[Provided material]

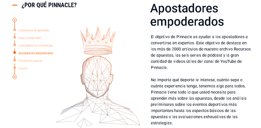 Siguiendo esa línea, Pinnacle cuenta con más de 2.000 artículos en su archivo Recursos de Apuesta, seis series de pódcast y una gran cantidad de videos útiles en su canal de YouTube. Tanto para los apostadores nuevos como para aquellos más expertos, hay material se gran valía. Desde los análisis preliminares de los eventos deportivos más populares a nivel Mundial hasta los aspectos básicos de las apuestas. La casa busca formarte y, de esta manera, empoderarte.
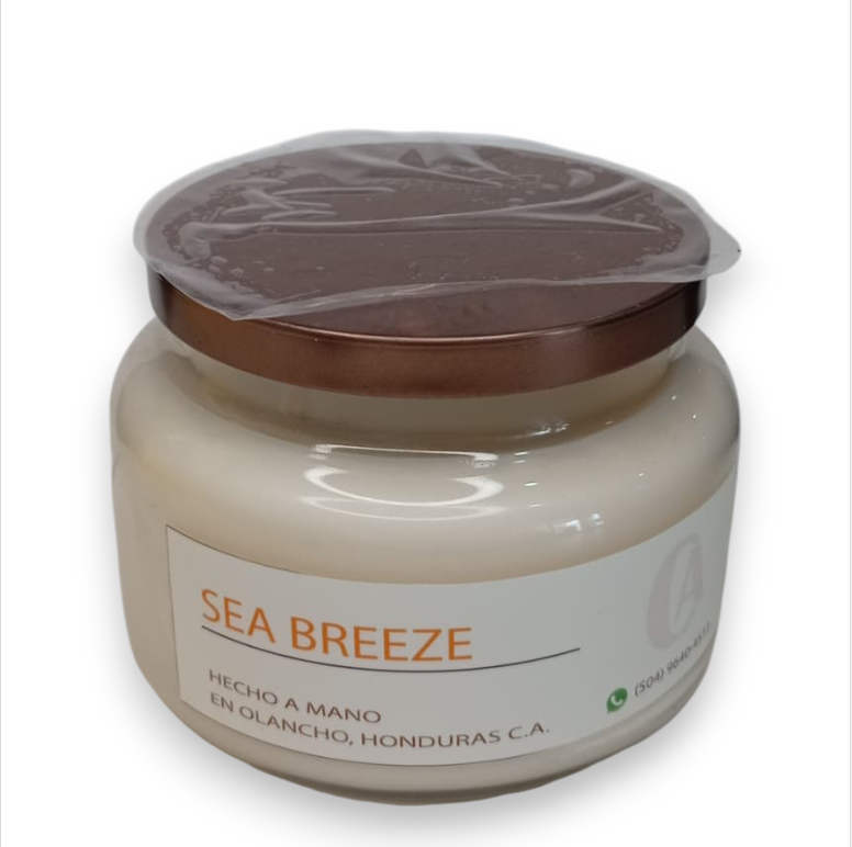 Vela de larga duración con aroma Sea Breeze, ideal para ambientes frescos y relajantes.
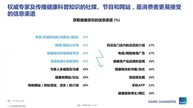 在信息獲取上,權(quán)威專家(35%)及傳播健康科普知識(shí)的社媒(31%)、節(jié)目(30%)和網(wǎng)站(30%),更容易被消費(fèi)者接納。
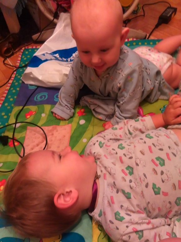 Вот вопрос, когда дети начинают играть вместе? Мои - уже давно занимают друг друга. Например, сегодня вечером: Дуня в стуле. Родион прыгает на нашей с мужем кровати, играет в "бабах"(это когда он на кровать падает). Дуняша смотрит и хохочет(а кому бы было не смешно?))) *я с тряпкой мою мебель*. Тут Дуняха роняет свою игрушку, и Родион подлетает за секунду, поднял и ей в руки сунул. И пошёл дальше делать "бабах")

[Description of the task] In the listing above, find the line containing "Vela de larga" and the line containing "在信息獲取上,權(quán)", then output those two lines and everything between them exactly as written, without the images.

[The completed task]
 Vela de larga duración con aroma Sea Breeze, ideal para ambientes frescos y relajantes.
 在信息獲取上,權(quán)威專家(35%)及傳播健康科普知識(shí)的社媒(31%)、節(jié)目(30%)和網(wǎng)站(30%),更容易被消費(fèi)者接納。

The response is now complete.